I haven’t posted anything in a few weeks because I was in a slump.  October 3rd was my one year anniversary for when I was diagnosed.  I spent a lot of time thinking about all those undiagnosed years and how miserable they were.  I always knew something was wrong and tried so hard to hide it.

During that whole punk rocker phase, for the most part that was not the real me.  Living that way made it easy to put up walls that no one wanted to try and get in.  I had tried fitting in and then being a wallflower but that always made me a target for the other kids, so I decided to pull a 180 and that actually worked.  Inside was something real with this shell that said “stay away from this freak” and it kept a lot of people from getting close.  I wonder how many opportunities I missed by pushing everyone away.

I hated having this unnamed shadow over everything I did.   When I finally found out what had been wrong, I learned I was lucky even though it doesn’t feel like it.  Way back when someone asked what was wrong, I had no answer.  I always grew up afraid of knowing one day I would get worse.  I refused to think about it because I would have went crazy.

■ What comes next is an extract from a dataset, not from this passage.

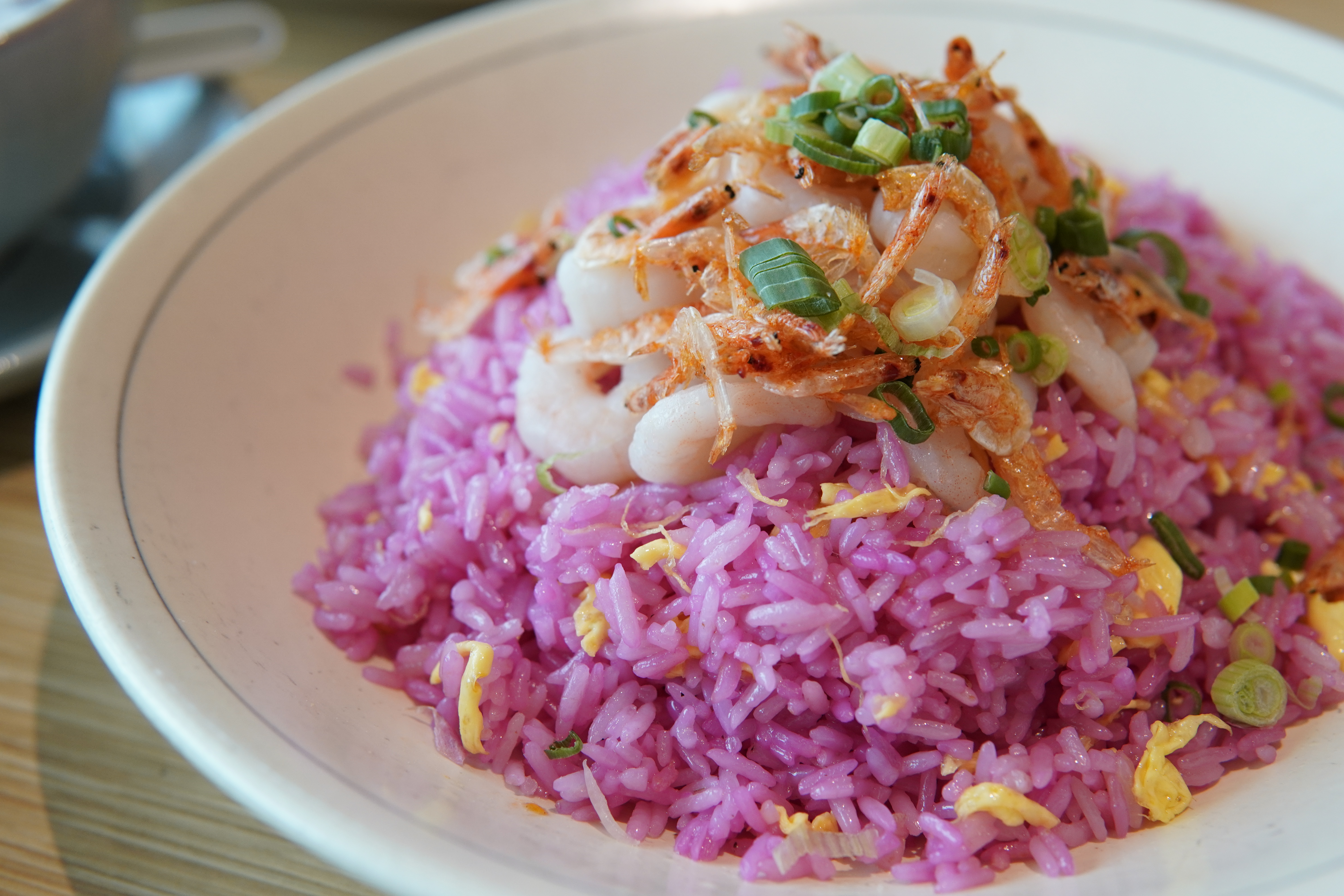 粉紅炒飯配上蝦仁及櫻花蝦,是視覺、味覺的雙重享受。

It’s ironic that now that I am getting worse rapidly, in some ways I am better than ever.  It’s a whole new world of worry as weekly I am less and less able to do things.  I work harder and seem to get less accomplished.  But there is a right side to all this!  Instead of some unnamed bunch of symptoms hanging over me, I can now say I have Dystonia and that I do a lot more than most people who have nothing wrong other than laziness and apathy.

I will be really surprised if I am not using a walker or at least a cane by the time I get to my two year Dystonia anniversary.  I’ll also be surprised if I am still able to work by then.  At the rate that symptoms have progressed in a year, I’m hoping for six months.  My symptoms didn’t just appear on Oct 3, that’s just when things began progressing and it got bad enough I gave in an went to the doctor and sent to the neurologist.

I face every day knowing as soon as I wake up it’s going to be a struggle. Some days I just want to roll over and quit.  But where in the hell is the fun in that?   Waking up knowing you have some kind of challenge ahead should just suck, and every now and again it does, but for the most part, I feel more alive being defective than I would otherwise.